Record excerpts:
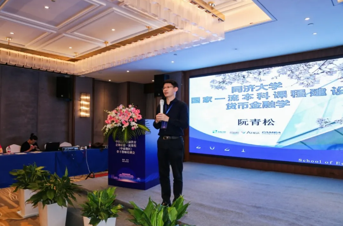 在下午的专家报告环节中,湖南大学金融与统计公司杨胜刚教授、同济大学经济与管理公司阮青松教授,武汉大学经济与管理公司杜莉教授分别做题为《一流本科专业课程建设队的实践与思考》《国家一流本科课程货币金融学》《启发式教学》的主题演讲。
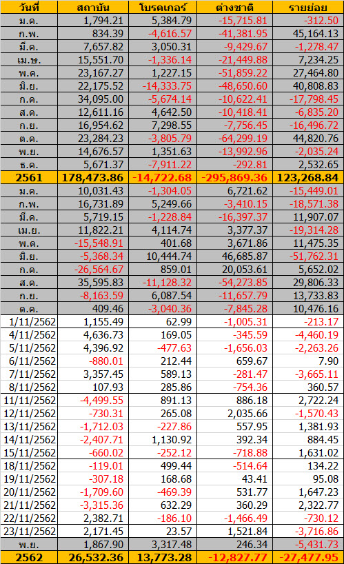 Sinthorn Summary 25/11/2562 : ต่างชาติซื้อสุทธิ 1,521.84 ลบ.
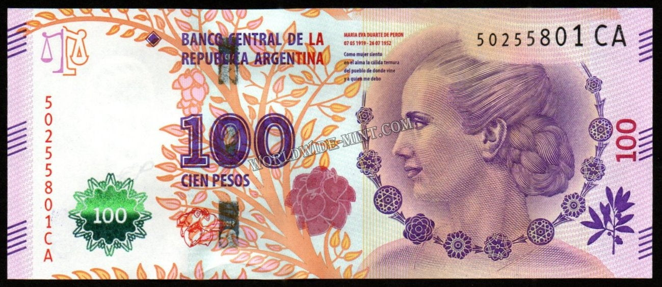 Argentina 100 Pesos 2016 CA Series UNC Banknote N#206729
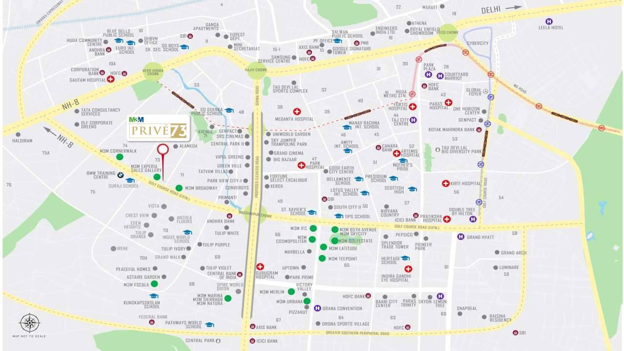 M3M Prive73 commercial Retail Destination has also been integrated with a series of large open spaces. Few of the specifications that make this project a sure-shot destination to attract the footfall are: 2 front, SR dancing and 24mtr Road facing. 10 screen multiplex, 1600 seats at 3rd and 4th floor, 3 Anchor Stores, 3 Basements, Ground/Lower Ground/Upper Ground and First floor, DX Split air-conditioning, water cooled in retails units.
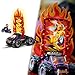 - Los peques activarán las motos acrobáticas con la rueda de inercia y las lanzarán a través del muro con llamas para recorrer el rizo de serpiente mordedora y encender el rizo de fuego
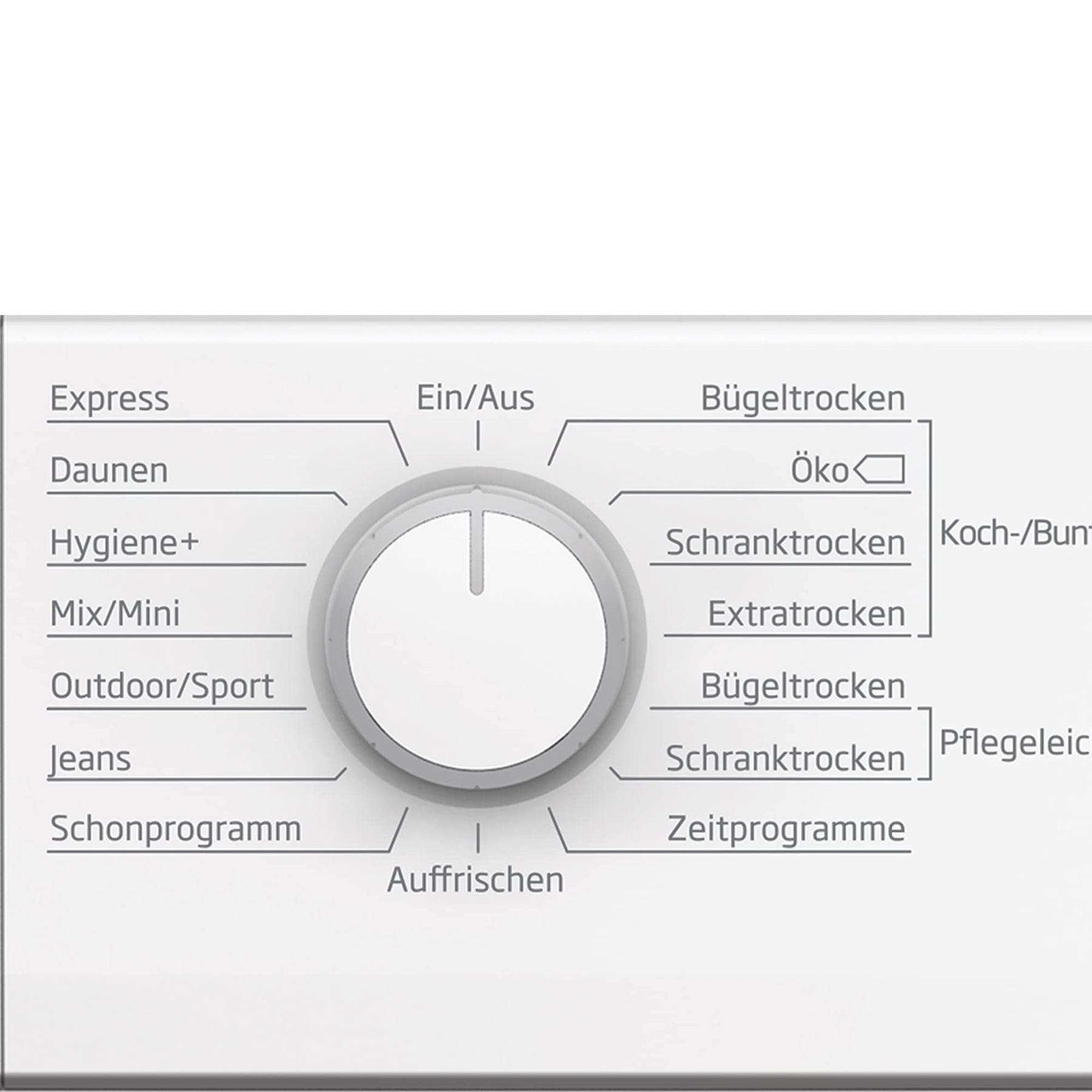 Koch-/Buntwäsche Schranktrocken Plus, Mini, Koch-/Buntwäsche Extratrocken, Koch-/Buntwäsche Bügeltrocken, Koch-/Buntwäsche Schranktrocken, Pflegeleicht Schranktrocken, Pflegeleicht Bügeltrocken, 45 min, 30 min, Baby Protect, Sport, Schonprogramm, Jeans, Hemden,Auffrischen, Express
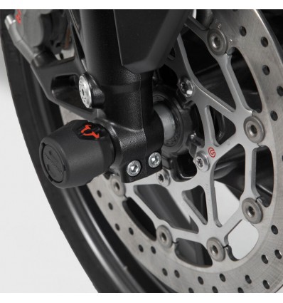 I tamponi Sw-Motech sono infatti progettati per assorbire parte degli urti e, soprattutto, proteggere dallo sfregamento salvaguardando le preziose forcelle che in caso di incidente sono una delle parti maggiormente esposte a danneggiamento.
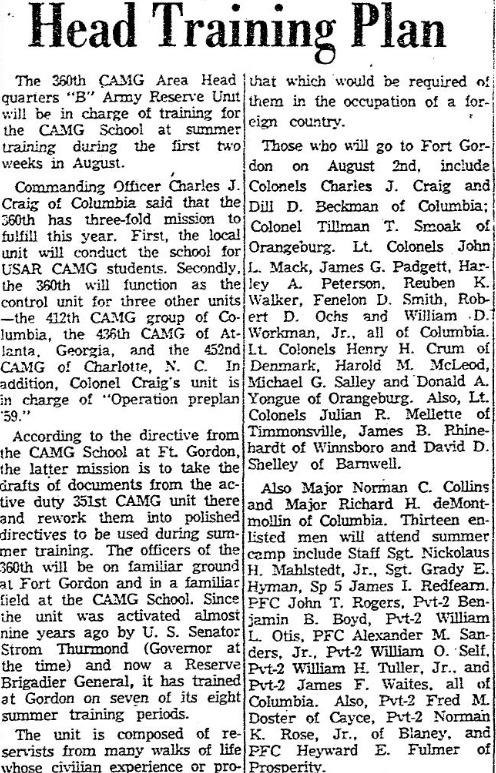 Columbia Reserves Head Training Plan The 360th CAMG Area Head quarters “B” Army Reserve Unit will be in charge of training for the CAMG School at summer training during the first two weeks in August. Commanding Officer Charles J. Craig of Columbia said that the 360th has three-fold mission to fulfill this year. First, the local unit will conduct the school for USAR CAMG students. … Continue reading At Fort Gordon
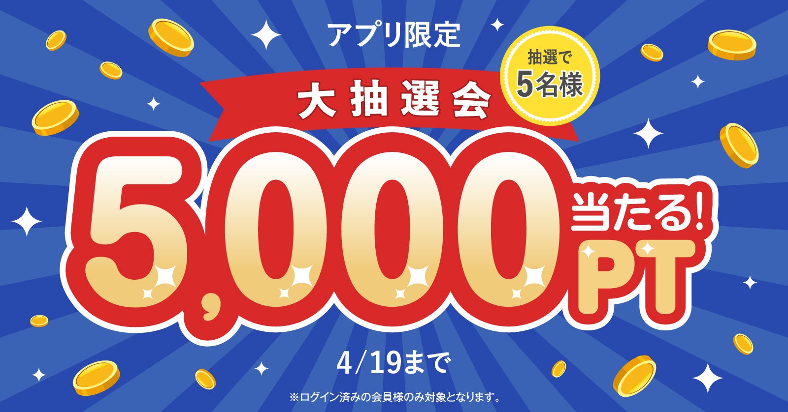 株式会社TORICO(本社:東京都千代田区、代表取締役社長:安藤拓郎)が運営するECアプリ『漫画全巻ドットコムアプリ』にて、5,000ptが当たる大抽選会を4月19日(水) 23:59まで開催いたします。
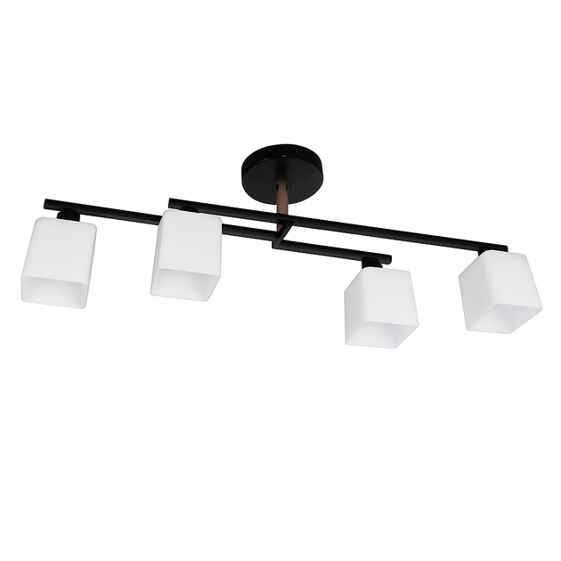 Люстра стельова модерн на 4 плафони з білим матовим склом, чорний метал Sneha (99518696524/4)
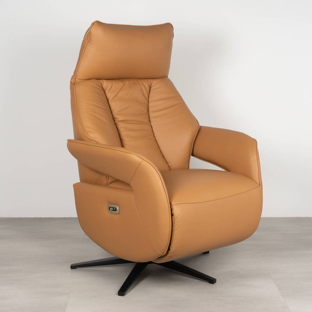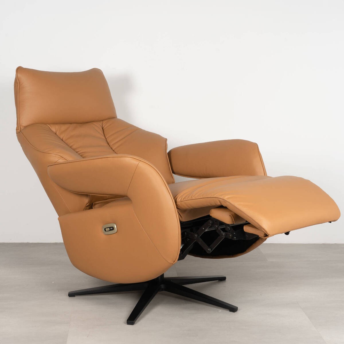 Un sillón relax diseñado para disfrutar del descanso con el máximo confort. Tapizado en piel natural en elegante color marrón coñac, aporta calidez y sofisticación al salón. Su sistema motorizado permite ajustar respaldo y reposapiés de forma suave y cómoda mediante un único botón, logrando una posición de relax perfecta creando un estilo mid-century.
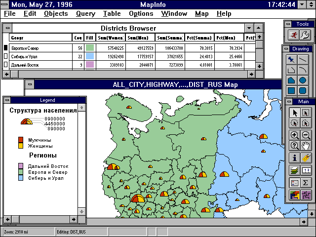 В MapInfo возможно прямое использование данных в форматах Lotus 1 - 2 - 3, Excel, dBase, причем созданные для них "таблицы" (Tables) рассматриваются как файлы MapInfo и загружаются в дальнейшем без повторного форматирования. "Таблица" может быть визуализирована на экране, в соответствующих окнах, как слой карты (если у нее есть графическая составляющая), электронная таблица и в виде графиков разных типов. Следует особо отметить расширенные возможности картографической визуализации данных в этом пакете по сравнению с конкурирующими. Однако стремление обеспечить пользователя максимумом функций приводит к переполнению предела "стройности" программы; некоторые неожиданные неудобства смазывают общее хорошее впечатление. Вместе с MapInfo можно приобрести язык MapBasic для создания собственных ГИС-приложений.

Exercise goal: After locating "株式会社TORICO(本社:東京都千代田" and "Люстра стельова модерн" in the records above, return exactly the line holding each one and every line between them; leave out the pictures.

Reply to the exercise:
 株式会社TORICO(本社:東京都千代田区、代表取締役社長:安藤拓郎)が運営するECアプリ『漫画全巻ドットコムアプリ』にて、5,000ptが当たる大抽選会を4月19日(水) 23:59まで開催いたします。
 Люстра стельова модерн на 4 плафони з білим матовим склом, чорний метал Sneha (99518696524/4)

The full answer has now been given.